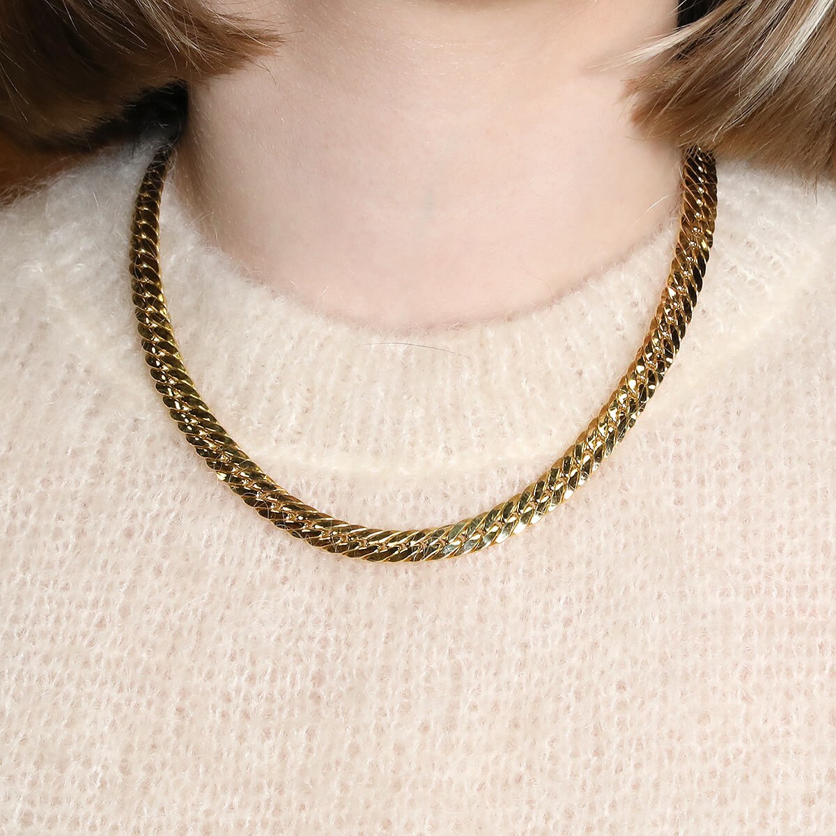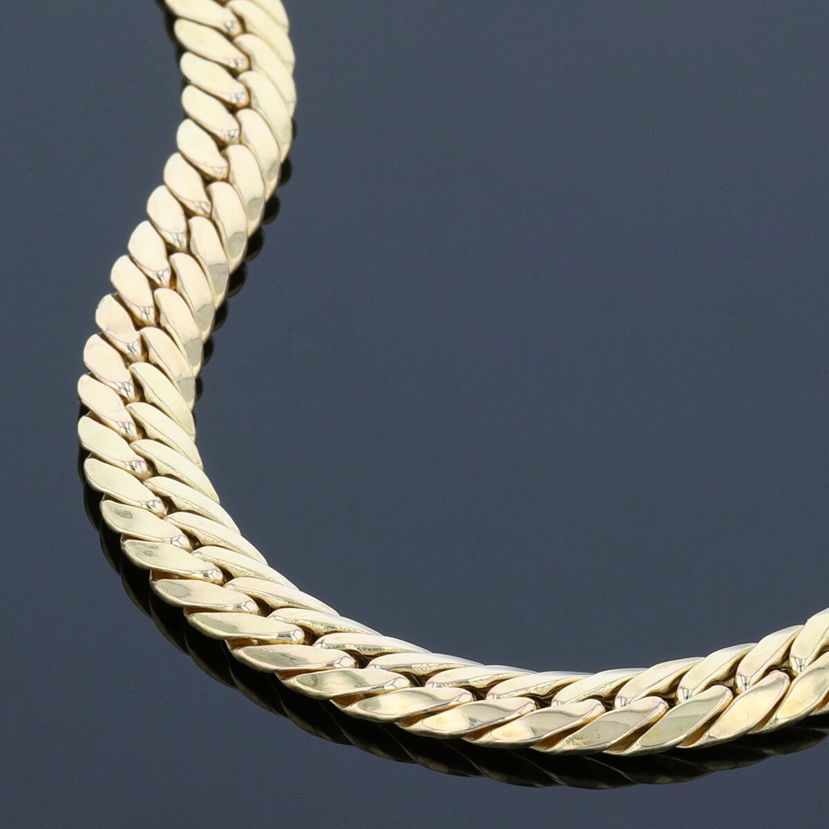 Collier en or jaune, maille anglaise, agrémenté d’un fermoir mousqueton.
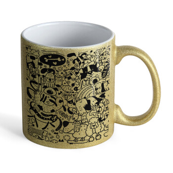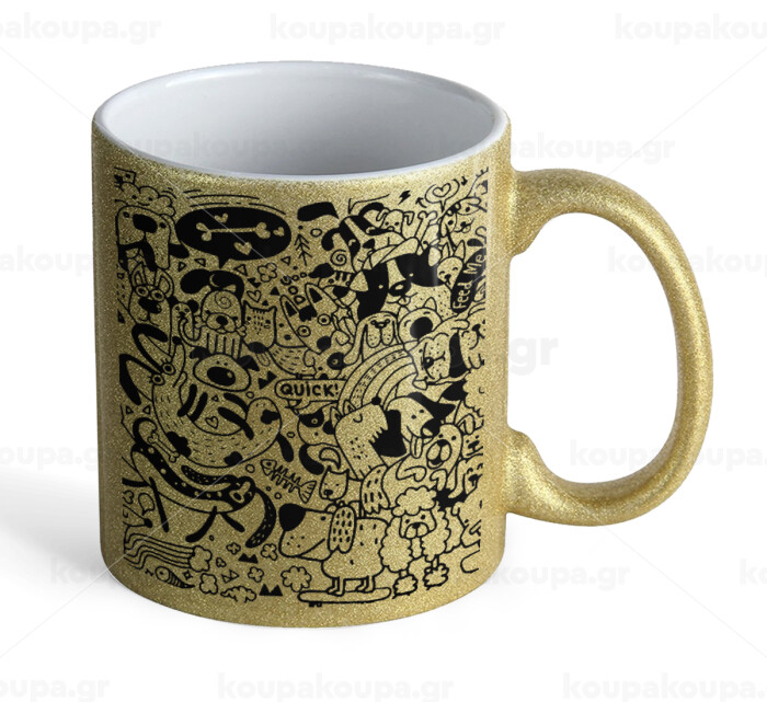 DOG pattern, Κούπα Χρυσή Glitter που γυαλίζει, κεραμική, 330ml
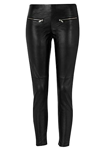 • Authentic leather skinnies with full inside elastic waistband. Side zip. Zip slash pockets. Slits at bottom hems.Fabric:100% lambskin leatherLeather cleanImportedMeasurementsLength: Ankle27", inseam
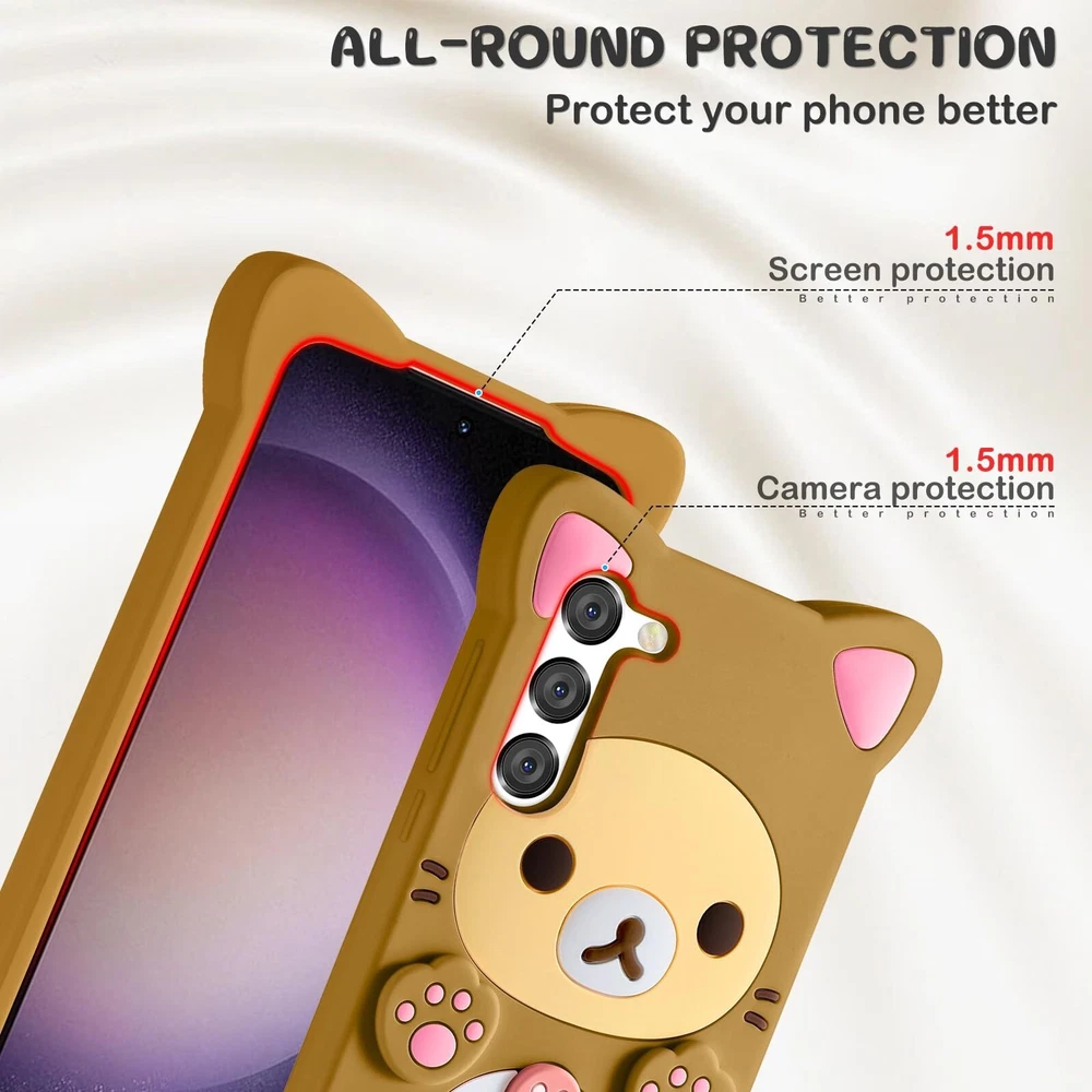 STSNano Kawaii for Samsung Galaxy S23 Case 3D Cute Cartoon Bear Phone Cases Fashion Cool Fun Funny Bear Soft TPU Covers for Samsung S 23 6.1" Silicone Cover for Women Girls Kids Brown Product Details Color: Brown Size: for Samsung Galaxy S23 Brand: STSNano MPN: 001 UPC: Does not apply EAN: Does not apply Brand: STSNano Compatible Phone Models: Samsung Galaxy S23 Color: Brown Compatible Devices: Samsung Galaxy S23 Material: Silicone Package Dimensions: 6.54 x 4.53 x 0.55 inches Item Weight: 1.76 ounces Item model number: 001 Special features: Slim Fit Other display features: Wireless Form Factor: Basic Case Color: Brown Whats in the box: phone case Manufacturer: STSNano Country of Origin: China Date First Available: August 4, 2023 CUTE CARTOON BEAR DESIGNThis super creative 3D cartoon bear case for Samsung Galaxy S23 5G design makes your phone creative, novel, fashionable and interesting. SHOCK & DROP RESISTANTThe for Samsung Galaxy S23 5G pink bear phone case make of high-quality soft silicone and has a medium hardness, making the case easy to hold and not slippery. Provides an effective cushion when your device accidentally dropped, protect your phone all over. CONVENIENTThe cute bear phone case for Galaxy S 23 5G does not affect the daily use, it can be charged without removing the phone, and it is sweat-proof and fingerprint-proof. BEST GIFTS CHOICEThe super cool 3D cartoon bear mobile phone case for Samsung S23 5G is especially suitable as a birthday gifts, mothers day gifts to all girls or women, like your mother, girl friend, daughter an so on.

● **Task to carry out**:
Extract the lines exactly, please: the first line of the listing, the line with "Authentic leather skinnies", and every line between them, but no pictures.

● **Answer for this exercise**:
 Collier en or jaune, maille anglaise, agrémenté d’un fermoir mousqueton.
 DOG pattern, Κούπα Χρυσή Glitter που γυαλίζει, κεραμική, 330ml
 • Authentic leather skinnies with full inside elastic waistband. Side zip. Zip slash pockets. Slits at bottom hems.Fabric:100% lambskin leatherLeather cleanImportedMeasurementsLength: Ankle27", inseam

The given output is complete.